■ **WHAT IS NEEDED**: Which lines run from the one containing "Never get too" to the end of the material below? Copy them exactly, pictures excluded.

━━ GIVEN MATERIAL

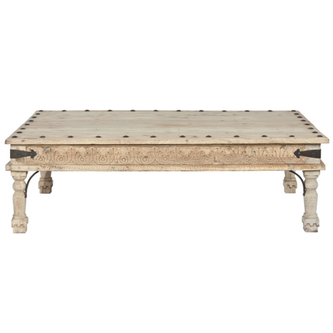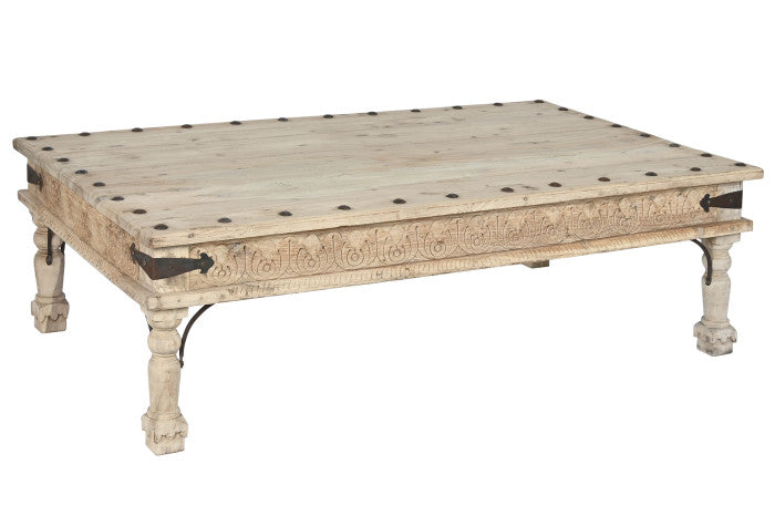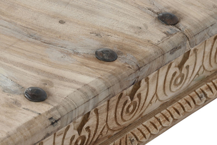 Ръчно резбована масичка за кафе от Индонезия, изработена от масивна светла дървесина с декоративни метални акценти. Рустикална централна част, която съчетава занаятчийска изработка с издръжливи материали - идеална за интериори с характер и вечна елегантност.
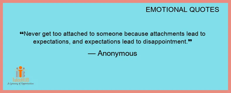 Never get too attached to someone because attachments lead to expectations, and expectations lead to disappointment.
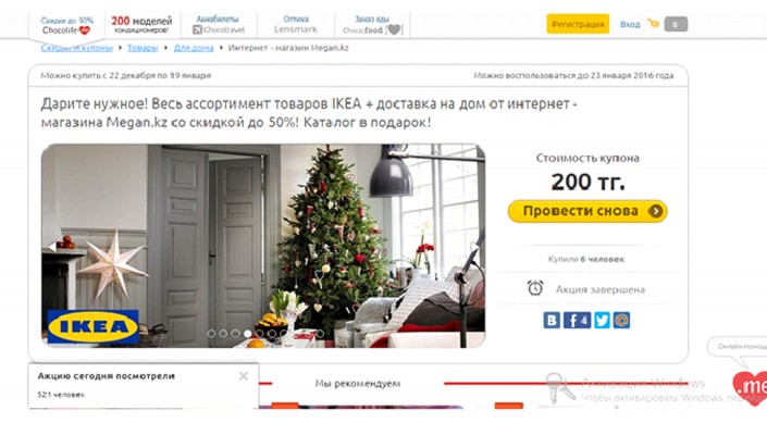 "В январе этого года мы купили купон через Chocolife.me на покупку мебели в Ikea через поставщика ТОО "Доставкин", - говорит жительница Алматы Дарига Джакупова. - До сих пор ни мебели, ни денег. В первую неделю, когда заказ должен был прийти, ТОО "Доставкин" "кормили" завтраками. Но ничего не привезли (...), - говорит она. - В последующие недели ТОО "Доставкин" уже трубки не брали и на некоторых сайтах их профайл был удален. В конце марта я обратилась в службу поддержки". По словам женщины, речь идет о десятках пострадавших. Затем поступила жалоба в Chocolife.me.

━━━━

■ **SOLUTION TO THIS TASK**:
 Never get too attached to someone because attachments lead to expectations, and expectations lead to disappointment.
 "В январе этого года мы купили купон через Chocolife.me на покупку мебели в Ikea через поставщика ТОО "Доставкин", - говорит жительница Алматы Дарига Джакупова. - До сих пор ни мебели, ни денег. В первую неделю, когда заказ должен был прийти, ТОО "Доставкин" "кормили" завтраками. Но ничего не привезли (...), - говорит она. - В последующие недели ТОО "Доставкин" уже трубки не брали и на некоторых сайтах их профайл был удален. В конце марта я обратилась в службу поддержки". По словам женщины, речь идет о десятках пострадавших. Затем поступила жалоба в Chocolife.me.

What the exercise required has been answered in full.